* Data for review *
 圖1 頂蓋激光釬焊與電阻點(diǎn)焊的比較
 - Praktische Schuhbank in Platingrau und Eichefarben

...

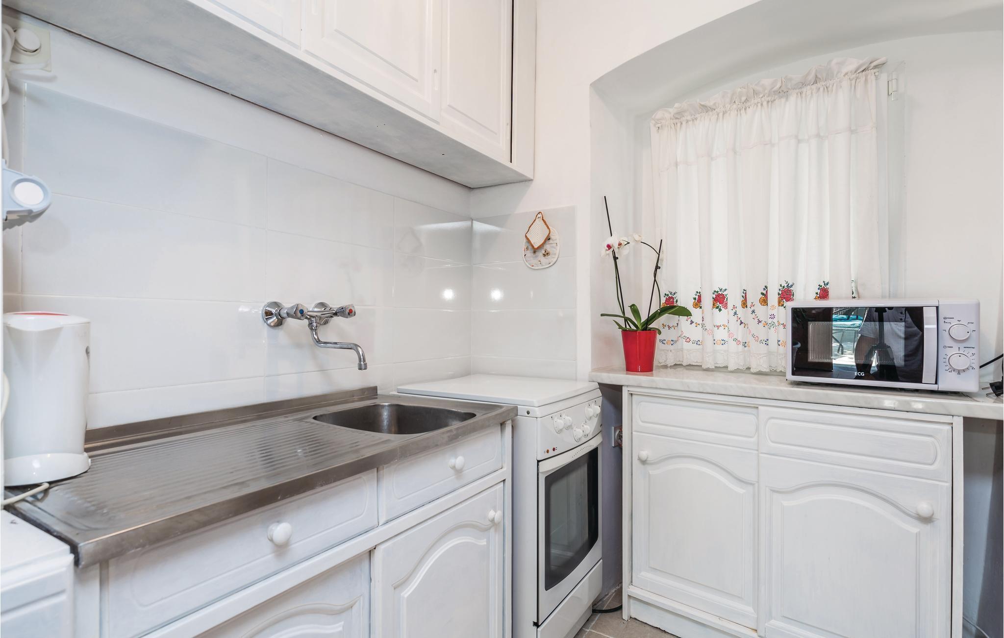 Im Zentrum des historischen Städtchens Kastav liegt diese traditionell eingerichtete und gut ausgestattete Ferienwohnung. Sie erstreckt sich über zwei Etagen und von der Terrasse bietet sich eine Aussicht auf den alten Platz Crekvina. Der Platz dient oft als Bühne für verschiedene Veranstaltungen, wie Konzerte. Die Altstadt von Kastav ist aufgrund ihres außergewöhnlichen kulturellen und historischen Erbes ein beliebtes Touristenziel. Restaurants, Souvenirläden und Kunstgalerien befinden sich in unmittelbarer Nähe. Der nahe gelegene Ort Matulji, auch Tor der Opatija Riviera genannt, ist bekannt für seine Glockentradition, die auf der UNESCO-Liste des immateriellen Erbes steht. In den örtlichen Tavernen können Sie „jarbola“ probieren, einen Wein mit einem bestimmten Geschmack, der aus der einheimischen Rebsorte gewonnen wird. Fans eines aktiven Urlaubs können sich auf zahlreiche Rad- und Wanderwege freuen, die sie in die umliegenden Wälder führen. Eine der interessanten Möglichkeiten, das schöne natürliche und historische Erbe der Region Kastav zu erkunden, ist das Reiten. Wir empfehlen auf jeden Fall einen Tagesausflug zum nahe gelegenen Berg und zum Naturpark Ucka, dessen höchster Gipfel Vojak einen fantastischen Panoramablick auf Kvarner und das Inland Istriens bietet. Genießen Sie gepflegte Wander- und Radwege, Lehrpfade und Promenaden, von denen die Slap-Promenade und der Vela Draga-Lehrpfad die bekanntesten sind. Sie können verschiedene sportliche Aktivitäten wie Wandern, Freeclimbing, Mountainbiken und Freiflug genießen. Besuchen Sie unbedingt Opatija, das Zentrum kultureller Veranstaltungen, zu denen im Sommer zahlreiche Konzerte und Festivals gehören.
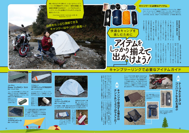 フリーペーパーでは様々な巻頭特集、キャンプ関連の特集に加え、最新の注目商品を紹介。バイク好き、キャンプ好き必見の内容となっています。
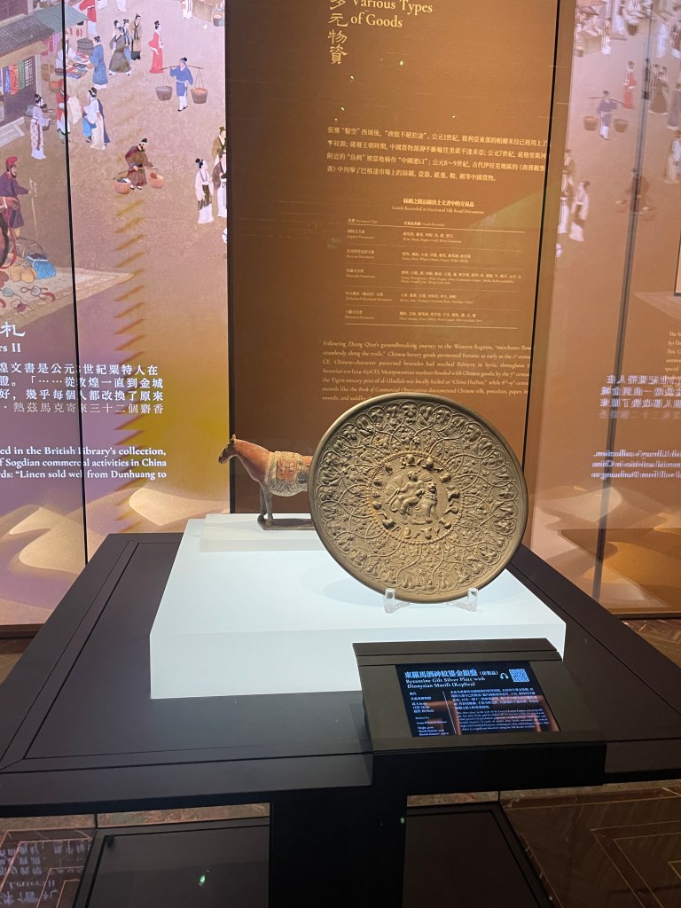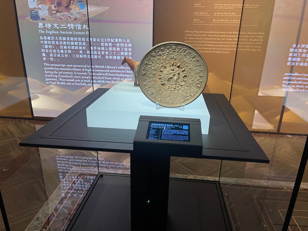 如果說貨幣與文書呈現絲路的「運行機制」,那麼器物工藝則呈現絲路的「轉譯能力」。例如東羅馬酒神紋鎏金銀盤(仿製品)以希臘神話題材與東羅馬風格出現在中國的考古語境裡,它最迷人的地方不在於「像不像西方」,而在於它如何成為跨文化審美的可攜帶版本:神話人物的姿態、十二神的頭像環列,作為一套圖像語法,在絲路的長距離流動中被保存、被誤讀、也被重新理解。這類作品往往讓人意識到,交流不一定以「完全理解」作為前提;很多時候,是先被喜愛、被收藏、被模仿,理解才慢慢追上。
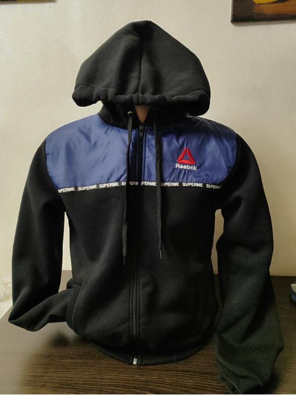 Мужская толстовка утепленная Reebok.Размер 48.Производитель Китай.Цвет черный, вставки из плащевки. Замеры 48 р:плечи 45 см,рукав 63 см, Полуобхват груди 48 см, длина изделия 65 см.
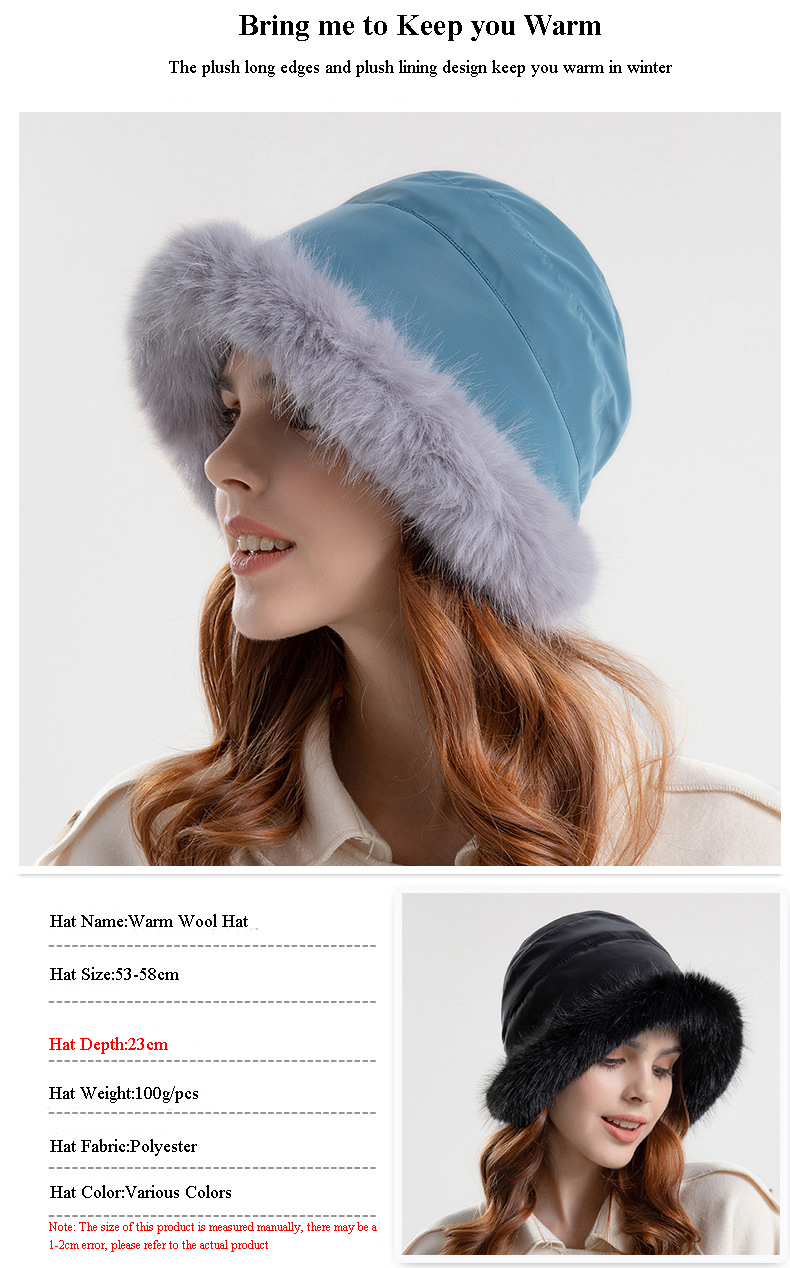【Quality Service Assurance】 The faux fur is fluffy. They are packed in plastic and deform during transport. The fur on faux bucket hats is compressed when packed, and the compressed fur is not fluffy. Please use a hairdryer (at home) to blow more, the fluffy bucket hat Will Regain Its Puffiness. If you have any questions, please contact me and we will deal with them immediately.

* Task directions *
In the data above, find the line with "圖1 頂蓋激光釬焊與電阻點(diǎn)焊的比較" and the line with "- Praktische Schuhbank". Retype both, plus every line between them, exactly.

* Exercise response *
 圖1 頂蓋激光釬焊與電阻點(diǎn)焊的比較
 - Praktische Schuhbank in Platingrau und Eichefarben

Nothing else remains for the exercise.